Exhibit (a)(1)(G)
Wilks Brothers, LLC Commences Tender Offer for All Shares of Dawson Geophysical Company
Previously Announced Offer Price of $2.34 Per Share in Cash
Fort Worth, Texas—November 1, 2021—Dawson Geophysical Company (NASDAQ: DWSN) (“Dawson”) and Wilks Brothers, LLC (“Wilks”), today announced that WB Acquisitions Inc., a wholly-owned subsidiary of Wilks, has commenced the previously announced tender offer for all of the outstanding shares of common stock of Dawson at a price of $2.34 per share, net to the seller in cash without interest thereon and less any applicable withholding taxes (the “Offer”).

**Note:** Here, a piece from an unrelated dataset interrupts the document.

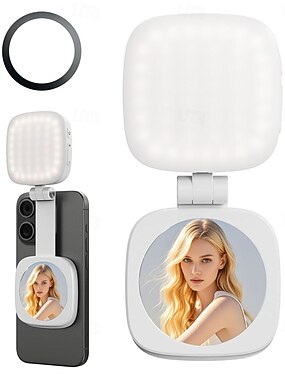 Миниатюрный портативный магнитный светильник для телефона со складным зеркалом, который можно использовать как подставку для телефона, многофункциональный светильник для красоты и фотосъемки, доступен

On October 25, 2021, Dawson announced that Dawson and Wilks had signed a definitive merger agreement pursuant to which the tender offer would be made. Dawson’s board of directors by unanimous vote approved the terms of the merger agreement, including the tender offer.
The tender offer is subject to customary conditions, including the tender of a number of Dawson shares that, together with Dawson shares then owned by Wilks and its affiliates, represents at least 80% of the then outstanding Dawson shares (the “80% minimum condition”). The Offer will be open for at least 20 business days (subject to mandatory extensions in certain circumstances). Dawson and Wilks may mutually agree to permit closing of the Offer if insufficient Dawson shares are tendered to meet the 80% minimum condition. Pursuant to the merger agreement, after completion of the tender offer and the satisfaction or waiver of all conditions, WB Acquisition Inc. intends to seek to merge with and into Dawson with all outstanding shares of Dawson’s common stock, other than shares held by certain Wilks related entities or shares held by Dawson’s stockholders who have validly demanded appraisal rights under Texas law, will be cancelled and converted into the right to receive cash equal to the $2.34 offer price per share, in cash without interest thereon and less any applicable withholding taxes. Completion of the merger requires the approval of the holders of 80% or more of Dawson’s issued and outstanding shares.
Wilks Brothers, LLC and WB Acquisition Inc. are filing with the U.S. Securities and Exchange Commission (“SEC”) today a tender offer statement on Schedule TO, including an offer to purchase and related letter of transmittal, setting forth in detail the terms of the tender offer. Additionally, Dawson is filing with the SEC today a solicitation/recommendation statement on Schedule 14D-9 setting forth in detail, among other things, the recommendation of Dawson’s board of directors that Dawson’s stockholders tender their shares into the tender offer.
The tender offer and withdrawal rights are scheduled to expire at 11:59 p.m., New York City time, on Tuesday, November 30, 2021, unless extended or earlier terminated in accordance with the merger agreement and applicable law.
About Dawson
Dawson Geophysical Company is a leading provider of North American onshore seismic data acquisition services with operations throughout the continental United States and Canada. Dawson acquires and processes 2-D, 3-D and multi-component seismic data solely for its clients, ranging from major oil and gas companies to independent oil and gas operators, as well as providers of multi-client data libraries.
About Wilks
Wilks Brothers LLC is a multi-billion dollar asset management firm based in Cisco, Texas. It owns a diverse group of companies involved in the energy, real estate, finance, industrial, ranching, forest and technology sectors.